### DIRECTIONS
Omit all pictures and give the records below again exactly as written.

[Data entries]
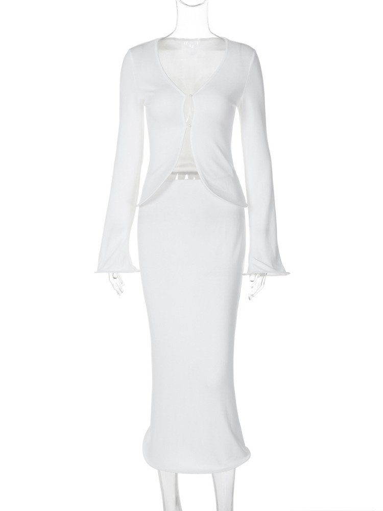 Elegant Skirt Two Piece Sets Women Autumn V Neck Long Sleeve T-shirt And Long Skirt Matching Two Piece Sets
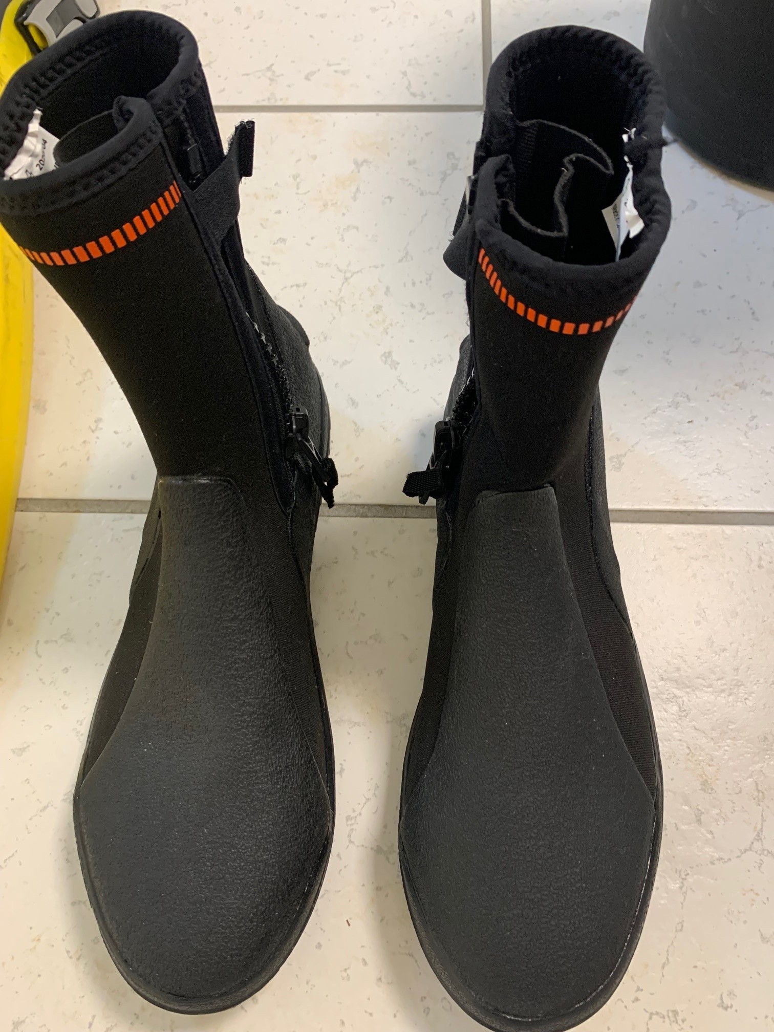 les chaussons "special eau froide" sont neufs, portés une fois.( decathlon )
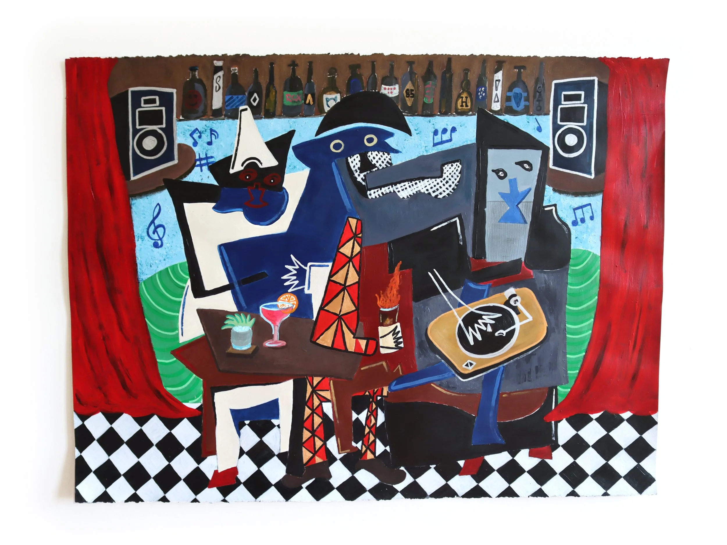 3 Bartenders (after Picasso’s 3 Musicians) (2025), Mixed Media on Paper, 76 x 57 cm
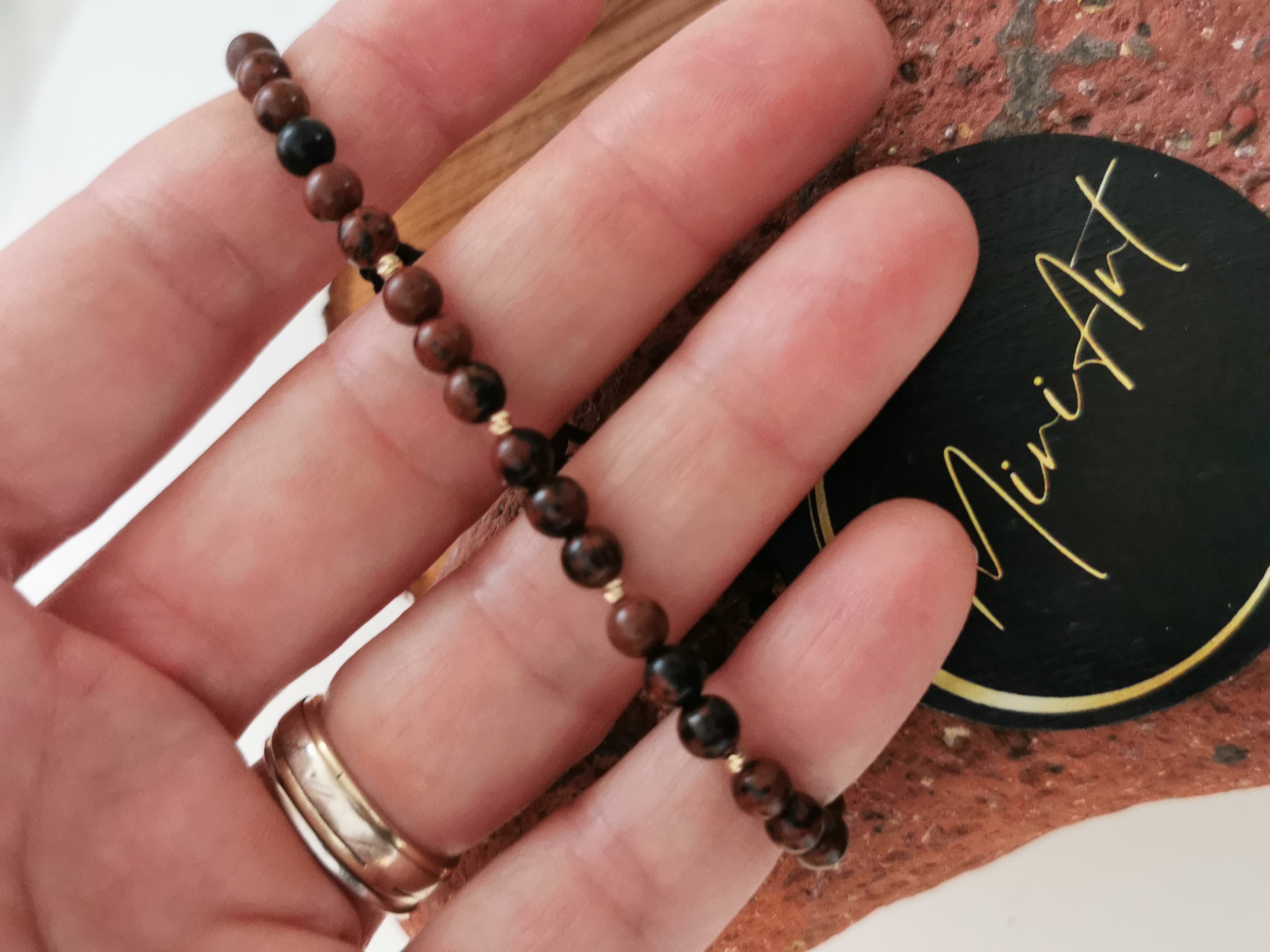 Brățara Puterea Pământului realizată din Obsidian Mahon de 4mm– piatra protecției absolute, a clarității și a eliberării de energii negative – această brățară transmite o forță liniștită, dar profundă. Obsidianul este asociat cu stabilitatea, ancorarea și curajul de a privi în interior.
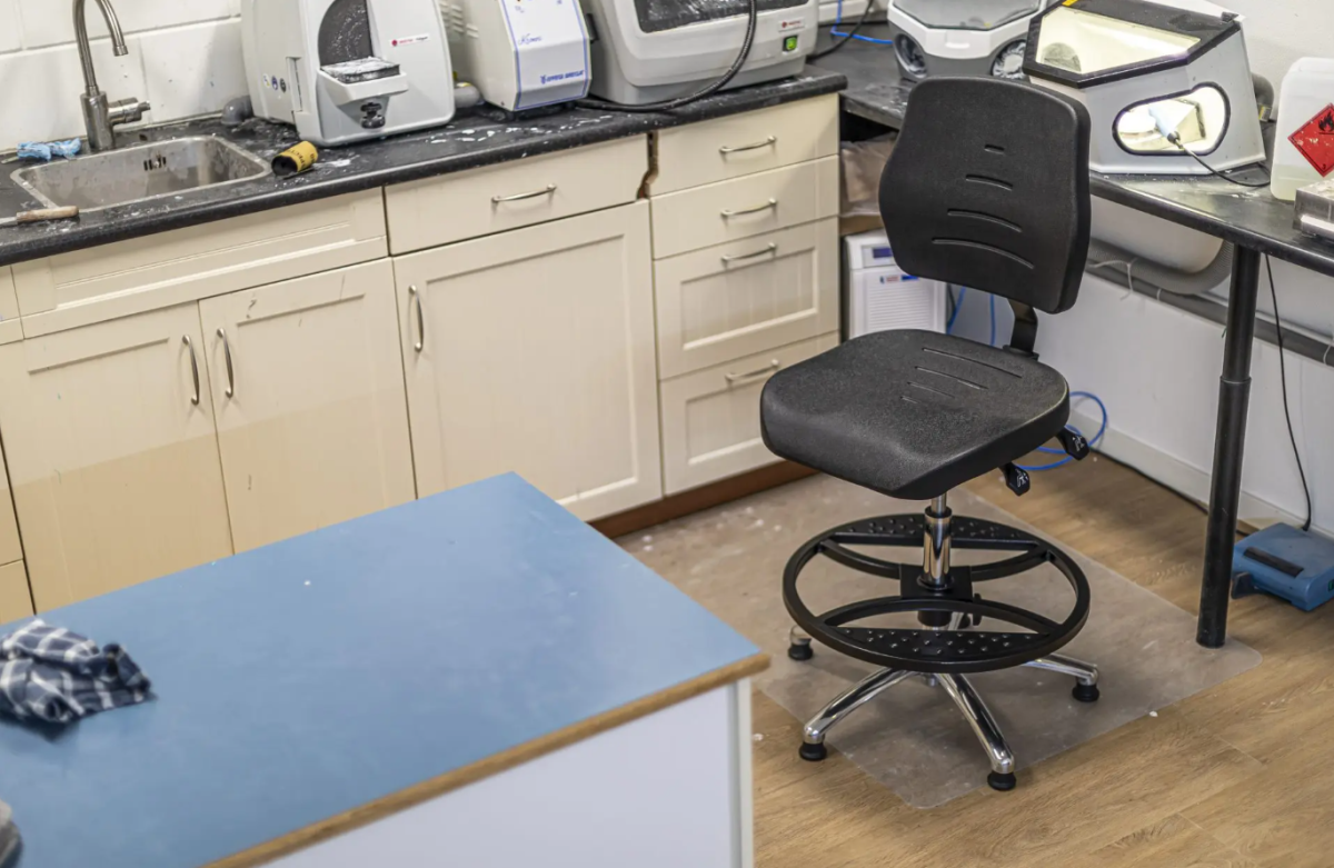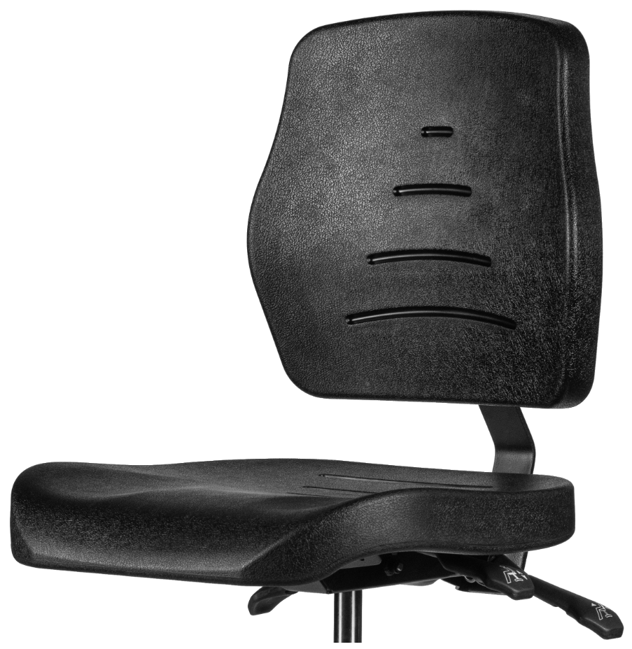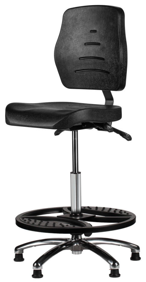 Polyurethaan hoge werkstoel met een thermisch gevormde zitting en rugleuning. Onverslijtbaar en bestand tegen allerlei scheikundige stoffen.

### ANSWER TO THIS EXERCISE
 Elegant Skirt Two Piece Sets Women Autumn V Neck Long Sleeve T-shirt And Long Skirt Matching Two Piece Sets
 les chaussons "special eau froide" sont neufs, portés une fois.( decathlon )
 3 Bartenders (after Picasso’s 3 Musicians) (2025), Mixed Media on Paper, 76 x 57 cm
 Brățara Puterea Pământului realizată din Obsidian Mahon de 4mm– piatra protecției absolute, a clarității și a eliberării de energii negative – această brățară transmite o forță liniștită, dar profundă. Obsidianul este asociat cu stabilitatea, ancorarea și curajul de a privi în interior.
 Polyurethaan hoge werkstoel met een thermisch gevormde zitting en rugleuning. Onverslijtbaar en bestand tegen allerlei scheikundige stoffen.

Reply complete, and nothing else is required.